The goal is to help you understand exactly where the risks are and what it takes to manage them effectively.

Why DIY Feels Like the Right Call

The impulse to handle this in-house is completely understandable. Developers and architects want to be the ones solving the problem. It’s technically interesting work, and there’s genuine professional satisfaction in pulling it off.

Beyond individual motivation, there’s organizational pressure. CTOs and IT leaders are being asked to show AI-driven progress. Procurement friction for external solutions is real. Running an LLM against your own source code has an extremely low barrier to entry, and the early results can be genuinely impressive.

There’s also a financial logic that seems sound on the surface: API costs for a general-purpose LLM are relatively modest, and if you have internal developers willing to take this on, the initial investment looks much smaller than a structured engagement with a specialized toolset or team.
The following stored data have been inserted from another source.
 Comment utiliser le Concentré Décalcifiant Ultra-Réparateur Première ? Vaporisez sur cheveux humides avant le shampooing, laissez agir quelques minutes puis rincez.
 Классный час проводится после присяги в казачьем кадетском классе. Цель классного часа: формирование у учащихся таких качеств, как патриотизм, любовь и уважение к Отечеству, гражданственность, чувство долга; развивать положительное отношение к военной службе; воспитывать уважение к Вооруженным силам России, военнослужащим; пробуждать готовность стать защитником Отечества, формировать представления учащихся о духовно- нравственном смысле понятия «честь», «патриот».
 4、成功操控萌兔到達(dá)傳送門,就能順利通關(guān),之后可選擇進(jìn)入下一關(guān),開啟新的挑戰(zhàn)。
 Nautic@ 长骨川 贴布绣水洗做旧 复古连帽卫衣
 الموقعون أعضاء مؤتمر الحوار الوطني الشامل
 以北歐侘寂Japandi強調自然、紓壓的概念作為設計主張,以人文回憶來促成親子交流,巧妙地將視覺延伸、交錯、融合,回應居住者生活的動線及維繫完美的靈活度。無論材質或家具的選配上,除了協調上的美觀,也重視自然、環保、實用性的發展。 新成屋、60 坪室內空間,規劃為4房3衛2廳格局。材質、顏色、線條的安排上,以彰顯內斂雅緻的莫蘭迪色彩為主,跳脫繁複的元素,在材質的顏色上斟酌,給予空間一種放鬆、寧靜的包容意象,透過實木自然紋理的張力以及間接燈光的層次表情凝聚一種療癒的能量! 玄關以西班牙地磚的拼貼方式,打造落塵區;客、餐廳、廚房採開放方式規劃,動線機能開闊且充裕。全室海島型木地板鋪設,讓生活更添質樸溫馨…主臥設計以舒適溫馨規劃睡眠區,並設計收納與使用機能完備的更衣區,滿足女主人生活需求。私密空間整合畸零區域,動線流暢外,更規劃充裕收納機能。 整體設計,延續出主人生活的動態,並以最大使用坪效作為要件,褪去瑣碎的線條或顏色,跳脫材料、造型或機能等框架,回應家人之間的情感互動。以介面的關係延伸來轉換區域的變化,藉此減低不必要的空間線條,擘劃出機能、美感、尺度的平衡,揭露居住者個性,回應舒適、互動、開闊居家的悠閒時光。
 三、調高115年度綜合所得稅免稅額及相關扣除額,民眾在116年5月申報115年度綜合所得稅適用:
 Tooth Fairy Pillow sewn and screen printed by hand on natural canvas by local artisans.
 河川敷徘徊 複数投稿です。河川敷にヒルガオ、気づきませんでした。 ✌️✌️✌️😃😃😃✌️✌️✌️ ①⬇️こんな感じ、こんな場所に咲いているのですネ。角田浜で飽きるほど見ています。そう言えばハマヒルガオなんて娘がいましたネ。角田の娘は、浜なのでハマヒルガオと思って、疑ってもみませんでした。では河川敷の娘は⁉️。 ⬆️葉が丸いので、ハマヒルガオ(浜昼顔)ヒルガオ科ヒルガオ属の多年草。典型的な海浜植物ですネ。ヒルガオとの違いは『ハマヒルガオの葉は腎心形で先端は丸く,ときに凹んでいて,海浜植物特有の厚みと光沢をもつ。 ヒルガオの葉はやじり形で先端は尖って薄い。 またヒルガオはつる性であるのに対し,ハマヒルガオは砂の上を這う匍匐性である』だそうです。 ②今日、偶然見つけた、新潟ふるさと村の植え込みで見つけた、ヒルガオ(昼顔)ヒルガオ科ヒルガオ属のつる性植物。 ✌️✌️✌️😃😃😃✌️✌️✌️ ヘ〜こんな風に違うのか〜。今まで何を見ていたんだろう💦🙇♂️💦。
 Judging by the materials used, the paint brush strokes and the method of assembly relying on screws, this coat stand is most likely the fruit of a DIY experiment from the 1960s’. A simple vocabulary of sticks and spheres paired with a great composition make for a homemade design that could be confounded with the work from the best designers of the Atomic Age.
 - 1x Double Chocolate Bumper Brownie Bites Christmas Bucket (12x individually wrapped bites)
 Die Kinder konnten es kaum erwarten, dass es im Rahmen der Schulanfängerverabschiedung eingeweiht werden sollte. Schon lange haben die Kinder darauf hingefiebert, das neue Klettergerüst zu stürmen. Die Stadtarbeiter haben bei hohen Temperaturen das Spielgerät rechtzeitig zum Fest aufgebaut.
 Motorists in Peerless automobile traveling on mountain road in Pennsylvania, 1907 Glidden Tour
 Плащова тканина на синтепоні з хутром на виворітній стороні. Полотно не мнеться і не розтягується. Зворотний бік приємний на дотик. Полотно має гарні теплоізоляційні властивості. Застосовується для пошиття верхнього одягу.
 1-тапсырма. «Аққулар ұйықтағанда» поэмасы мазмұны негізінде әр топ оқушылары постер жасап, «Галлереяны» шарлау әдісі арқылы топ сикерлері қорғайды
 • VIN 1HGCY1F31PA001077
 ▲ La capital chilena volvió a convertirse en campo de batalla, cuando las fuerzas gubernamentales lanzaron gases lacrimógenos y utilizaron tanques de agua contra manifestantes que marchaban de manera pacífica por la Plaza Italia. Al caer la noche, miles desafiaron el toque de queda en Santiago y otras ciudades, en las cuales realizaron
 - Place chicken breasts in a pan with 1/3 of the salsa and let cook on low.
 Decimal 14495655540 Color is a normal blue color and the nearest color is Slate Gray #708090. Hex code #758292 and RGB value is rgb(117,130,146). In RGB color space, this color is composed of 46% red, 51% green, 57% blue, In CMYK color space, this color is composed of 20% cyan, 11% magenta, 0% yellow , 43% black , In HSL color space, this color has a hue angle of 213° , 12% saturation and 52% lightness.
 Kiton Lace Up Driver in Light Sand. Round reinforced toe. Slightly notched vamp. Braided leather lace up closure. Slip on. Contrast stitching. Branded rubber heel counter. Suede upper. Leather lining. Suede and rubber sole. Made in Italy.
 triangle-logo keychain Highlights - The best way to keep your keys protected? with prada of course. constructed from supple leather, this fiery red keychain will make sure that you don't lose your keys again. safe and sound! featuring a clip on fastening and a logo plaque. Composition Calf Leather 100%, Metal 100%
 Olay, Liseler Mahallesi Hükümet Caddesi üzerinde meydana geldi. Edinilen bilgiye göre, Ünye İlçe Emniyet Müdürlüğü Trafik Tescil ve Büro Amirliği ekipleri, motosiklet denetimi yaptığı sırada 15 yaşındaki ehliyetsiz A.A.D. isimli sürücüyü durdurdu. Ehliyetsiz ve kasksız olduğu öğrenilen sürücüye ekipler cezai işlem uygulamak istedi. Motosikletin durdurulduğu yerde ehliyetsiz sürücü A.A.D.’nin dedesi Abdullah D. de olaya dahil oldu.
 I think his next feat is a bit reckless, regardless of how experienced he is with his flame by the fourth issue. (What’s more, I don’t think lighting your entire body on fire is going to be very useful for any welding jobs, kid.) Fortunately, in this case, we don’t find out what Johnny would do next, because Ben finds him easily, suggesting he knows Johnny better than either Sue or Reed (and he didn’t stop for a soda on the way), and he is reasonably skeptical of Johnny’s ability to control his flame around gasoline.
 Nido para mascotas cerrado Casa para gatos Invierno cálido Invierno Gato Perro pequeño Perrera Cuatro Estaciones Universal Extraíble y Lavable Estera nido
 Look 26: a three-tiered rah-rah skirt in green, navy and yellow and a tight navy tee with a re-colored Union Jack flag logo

What this calculation often misses is the downstream work: verification, remediation, consistency enforcement, coexistence planning, and the cost of uncovering issues late in the process.

What IBM i Application Modernization at Scale Actually Means

Before diagnosing the problems, it’s worth being specific about what “scale” means in this context. We’re not talking about converting a handful of self-contained RPG programs. We’re talking about hundreds of thousands of programs, including large ones with tens of thousands of lines, deeply integrated with other programs through CL, data areas, database interactions, and direct program calls. Copybooks are nested. Database files are shared across systems. Business logic is distributed across layers in ways that aren’t always obvious from looking at a single source file.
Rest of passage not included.